This example operates on the columns of the first matrix, and produces a column of results. Therefore, reading and writing elements to and from memory is a linear operation, and does not require interleaving load or store instructions.

Suppose this is an implementation that multiplies single precision floating-point matrices. Each matrix contains sixteen 32-bit floating-point values.

You can begin by loading the matrices from memory into NEON registers. The matrices are stored in column-major order, so columns of the matrix are stored linearly in memory. A column can be loaded into NEON registers using VLD1, and written back to memory using VST1. You can load two matrices into NEON registers by using the following instructions:

vld1.32  {d16-d19}, [r1]!            @ load the first eight elements of matrix 0
vld1.32  {d20-d23}, [r1]!            @ load the second eight elements of matrix 0
vld1.32  {d0-d3}, [r2]!              @ load the first eight elements of matrix 1
vld1.32  {d4-d7}, [r2]!              @ load the second eight elements of matrix 1

Because NEON has 32 × 64-bit registers, you can load all of the elements from both input matrices into registers, and still have registers left for use as accumulators. You can use d16 to d23 hold 16 elements from the first matrix, and d0 to d7 hold 16 elements from the second.

In this example, you must handle columns of four 32-bit floating point numbers, which fit into a single 128-bit Q register. Therefore, you can use Q registers frequently. You can calculate a column of results by using only four NEON multiply instructions:

vmul.f32    q12, q8, d0[0] 			@ multiply col element 0 by matrix col 0
vmla.f32    q12, q9, d0[1] 			@ multiply-acc col element 1 by matrix col 1
vmla.f32    q12, q10, d1[0]			@ multiply-acc col element 2 by matrix col 2
vmla.f32    q12, q11, d1[1]			@ multiply-acc col element 3 by matrix col 3

The first instruction, vmul.f32, implements the operation highlighted in Figure 4.5 - a11, a21, a31, and a41 in register q8 are each multiplied by b11 , which is element 0 in register d0, and then stored in q12.

Subsequent instructions operate on other columns of the first matrix, and multiply by corresponding elements of the first column of the second matrix.
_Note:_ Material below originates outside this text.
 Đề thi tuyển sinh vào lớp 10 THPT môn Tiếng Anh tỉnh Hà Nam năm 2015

Results are accumulated into q12 to give the first column of values for the results matrix.

Note

The scalar used in the multiply instructions refers to D registers. Although q0[3] is the same value as d1[1], the GNU assembler might not accept the use of Q register to refer to a scalar. Therefore, specify a scalar using a D register.

If you only need to calculate a matrix-by-vector multiplication, which is a common operation in 3D graphics, the operation can be considered complete, and the result vector can be stored to memory. However, to complete the matrix-by-matrix multiplication, you must execute three more iterations:

  • The second iteration uses values b12 - b42 in register q1.
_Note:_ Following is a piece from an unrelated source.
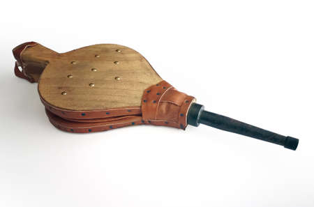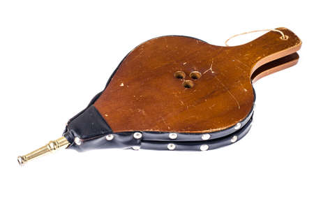 Natural wood and leather bellows for fireplaces and barbarcoas isolated on white background. Wooden fire bellows blower close up. Essential accessory for lighting fireplaces.
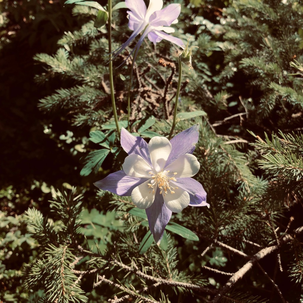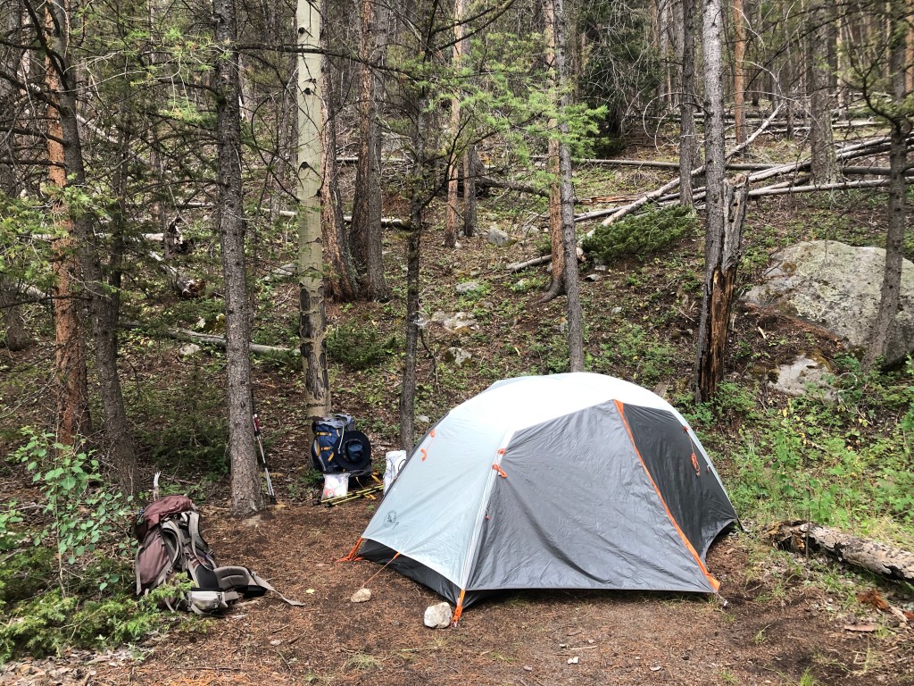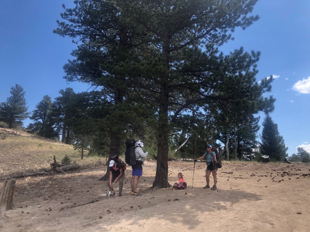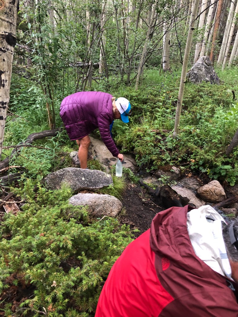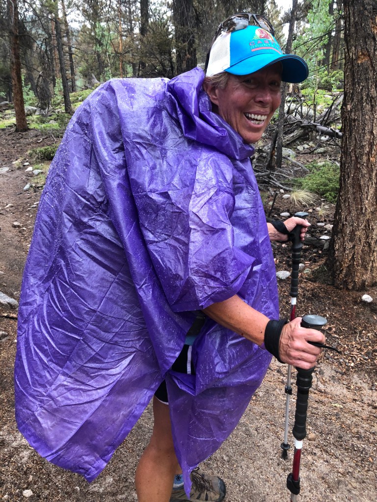 Shortly after we started hiking again the rain started which is common during July in Colorado. We put on our ponchos and kept going. I silently prayed that it wouldn’t lightning or rain too hard and it didn’t . Along the way I was trying to find the best posture to carry my pack. I eventually learned that I needed to stick my butt out a little more than usual. By the third day I was much more comfortable.

  • The third iteration uses values b13 - b43 in register q2.

  • The fourth iteration uses values b14 - b44 in register q3.

To simplify your code, you can create a macro for the instructions above.
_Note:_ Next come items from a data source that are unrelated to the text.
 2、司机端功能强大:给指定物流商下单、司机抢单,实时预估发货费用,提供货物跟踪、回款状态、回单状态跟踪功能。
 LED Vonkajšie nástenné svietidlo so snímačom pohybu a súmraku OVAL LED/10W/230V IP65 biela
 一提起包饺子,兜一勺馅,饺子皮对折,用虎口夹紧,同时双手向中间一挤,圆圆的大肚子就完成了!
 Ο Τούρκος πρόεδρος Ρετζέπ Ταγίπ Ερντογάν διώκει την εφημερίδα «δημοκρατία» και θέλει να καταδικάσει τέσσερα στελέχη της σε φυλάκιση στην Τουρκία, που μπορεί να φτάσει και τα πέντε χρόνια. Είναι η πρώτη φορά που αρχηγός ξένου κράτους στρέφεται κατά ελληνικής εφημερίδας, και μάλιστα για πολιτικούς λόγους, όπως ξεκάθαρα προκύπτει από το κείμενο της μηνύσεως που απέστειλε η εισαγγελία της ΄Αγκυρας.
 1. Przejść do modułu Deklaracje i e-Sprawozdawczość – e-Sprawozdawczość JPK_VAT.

.macro mul_col_f32 res_q, col0_d, col1_d
vmul.f32    \res_q, q8, \col0_d[0] @ multiply col element 0 by matrix col 0
vmla.f32    \res_q, q9, \col0_d[1] @ multiply-acc col element 1 by matrix col 1
vmla.f32    \res_q, q10, \col1_d[0] @ multiply-acc col element 2 by matrix col 2
vmla.f32    \res_q, q11, \col1_d[1] @ multiply-acc col element 3 by matrix col 3
.endm

The implementation of a four-by-four floating point matrix multiplication now looks like this:

vld1.32  {d16-d19}, [r1]! @ load first eight elements of matrix 0
vld1.32  {d20-d23}, [r1]! @ load second eight elements of matrix 0
vld1.32  {d0-d3}, [r2]! @ load first eight elements of matrix 1.
vld1.32  {d4-d7}, [r2]! @ load second eight elements of matrix 1.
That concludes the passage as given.